SHEPHERD MARKET,
17th February.
MY Dear Agatha,—So you, too, remembered! Strange, after our having overlooked the anniversary for so long! The violets you picked for me in your garden that afternoon scented my room for days. Thank you.
Acting on your advice, I took Mrs. D. to the London Museum yesterday. You are quite right, the place was made for children, and the old lady thoroughly enjoyed herself.
The basement, with its long stone-paved corridors, its gloom (dispelled, I am forced to admit, by electric light), is the right place for the models of ancient London, old doorways, knockers, horn lanthorns, oak panelling, relics of Newgate, prison cells, and yellowed news sheets containing the accounts of the execution of celebrated criminals.
One catches the mood of the place when one gets to the bottom of the stairs and sees the row of wooden figures each of which has weathered many a storm from its post outside some shop in the London streets of a hundred and fifty years or more ago. The grocers' Chinaman, the tobacconists' Highlander, and the scale-makers' figure of Justice. Now and again, at rare intervals, we may meet the Highlander outside a tobacconist's, or the figure of Justice over the scale-maker's window, but the Chinaman seems to have completely disappeared.
To go into the basement of the London Museum is like opening the door of some dim, dusty lumber-room and unearthing the forgotten toys of our childhood. Things which we greet with an indulgent smile, and now and again a sigh. The basement is a place to visit on that sort of idle afternoon in early Spring when one is moved to turn out old letters, to bring to mind the playmates of one's youth, and muse, while the light wanes, on the changes the years have brought.
Here is a shop-front of George III's time, and behind the small-paned window a grotesque collection of ragged puppets, the property of some long-defunct proprietor of a Punch and Judy show. Many a time must those grimacing dolls have played in the immortal drama to an audience of our great-great-great-grandfathers.
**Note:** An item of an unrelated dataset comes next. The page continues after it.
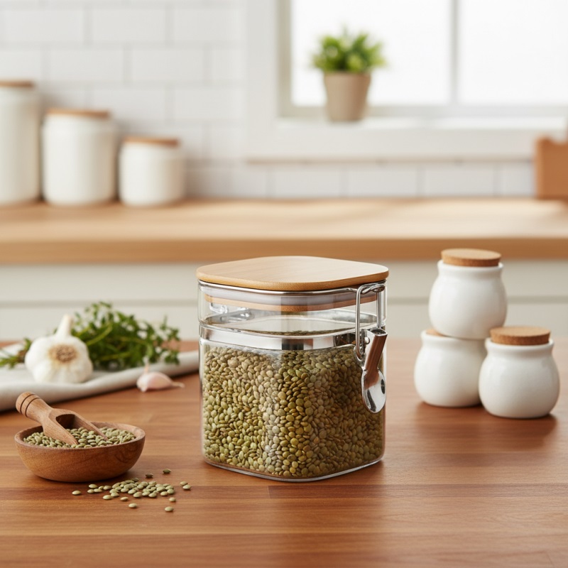 • Kapakli cam gida saklama kavanozu, kurabiye, seker, un, pirinç, fasulye, baharat, tahil vb. saklamak için mükemmeldir.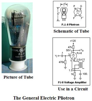 picture of an early vacuum tube, along with its schematic and a circuit showing

The oak-panelled, seventeenth century parlour where a man sits drinking by candle-light sets one speculating. There are his gloves on the table and his pipe, which he has removed from his pocket. His wife has filled his glass with wine, and stands telling him what has been happening during his absence. He sits back in his chair, too intent on her news to fill his pipe or lift the glass to his lips. The Great Fire, perhaps, is raging at that very moment, and the wife may be telling her husband that three hundred houses are already burnt, and how the churches were all filled with goods and people. Or maybe it is of the outbreak of the plague which the man learns, and the fear of which makes him forget his pipe and the wine poured out at his elbow. Every time I go to the London Museum I visit the pair, and always they are carrying on that same conversation. The woman's dress gets dustier and dustier, and the wine in the glass does not grow less. People come and stare and go away, leaving the couple unmoved. Is it my fancy, that when I come, the conversation in that oak-panelled room becomes more tense, and if only I stayed long enough I should discover what it was about?
In the model of old London Bridge Mrs. D. found something with which she is now familiar, and my character for veracity with her went up by leaps and bounds. The spiked heads on the battlements might have belonged to objectionable relatives, with such satisfaction did she greet them. The model of the old bridge clothed the dry bones of the past with flesh, and Mrs. D., as a student of history, got a move on. One can sympathise with her scepticism when one looks across at Bankside with its gabled houses sleeping in the sunlight, and the glimpse of a white country road shaded by green trees. That, Bankside! Surely, never! I did not voice the thought, not wishing to quench the flax of the old lady's newly acquired faith.